LEAN is simply a method to reduce the amount of time to do these processes by slowly, steadily. systematically eliminating the "non-value added work" (8 wastes-defects-overproduction, waiting, non-essential over processing, transport, inventory, motion and un-used employee brainpower). The way lean thinkers "count" how well we are eliminating waste is in units of time. 

As we learn to do real kaizen (where people are recognizing and eliminating waste every day), time is taken out. Sometimes it is seconds, sometimes it is minutes, hours, even weeks or months. Let me give you an example.

Pretend one of your employees decided to make an improvement to reduce walking (motion). The A3 team decided to move a printer 20 steps closer to where the work is. Non-LEAN people may think that this A3 does not have a high enough return on investment to even bother with. Let's dig a little deeper. 

Let's pretend that the operators (3 of them) need to print something after they complete their work that needs to be included with whatever they are passing along to the next process (it could be a label, a certification, whatever).

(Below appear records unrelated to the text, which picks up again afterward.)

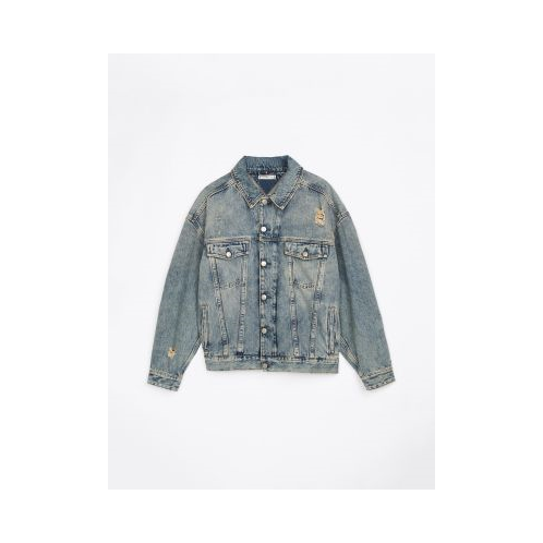 - Distressing at chest and sleeve, functional top snap, two flap chest pockets, two waist welt pockets, dropped shoulders.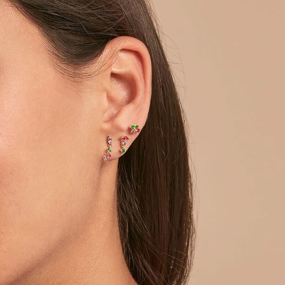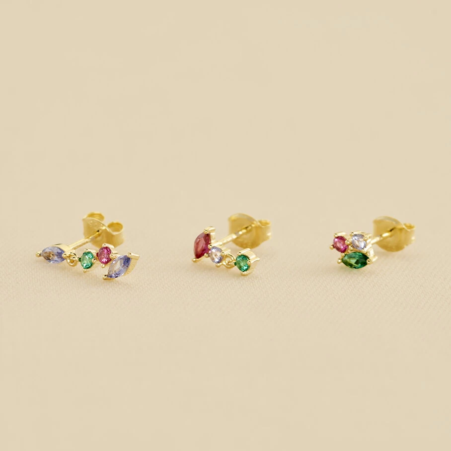 Set de 3 boucles d’oreilles, en argent doré 750/1000, amas d’oxydes de zirconium de différentes formes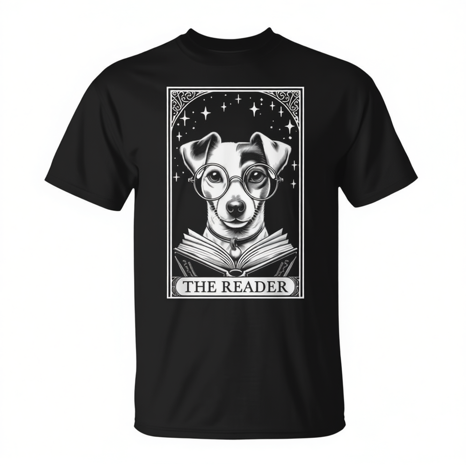 เสื้อยืดแขนสั้นพิมพ์ลายสกรีนลายไพ่ทาโรต์วินเทจแจ็ค รัสเซล เทอร์เรียร์ สำหรับผู้ชายและผู้หญิง เสื้อผ้าสำหรับคนรักหนังสือ ของที่ระลึก

Pretend they each process 10 orders per day. Let's pretend there are 2 shifts of 3 people processing 10 orders each. Here is the LEAN savings:


  1. 20 steps X 3 people X 10 orders X 2 shifts=1200 STEPS saved per day.
  2. 1200 STEPS per day X 240 workdays (doesn't include overtime or Saturdays)=288,000 steps.
  3. On average, figure 2000 steps per mile=in one year, you are paying people to walk 144 miles per year.
  4. How long does it take a human to walk a mile? 20 minutes, on average=2880 minutes spent walking (48 hours).


This means you will pay people to walk for 48 hours (at $35/hour which includes benefits, insurance, etc. that one improvement change will save $1680 per year that you will be paying people to walk). Accountants will argue hard vs. soft savings. All I know is that if the A3 team didn't recognize the walking as waste and improve it, people would spend 2880 minutes walking. By eliminating the walking, maybe I can ship 2 or 3 more orders per day with the same 3 people per shift! Don't forget that when we're walking, the next order is waiting.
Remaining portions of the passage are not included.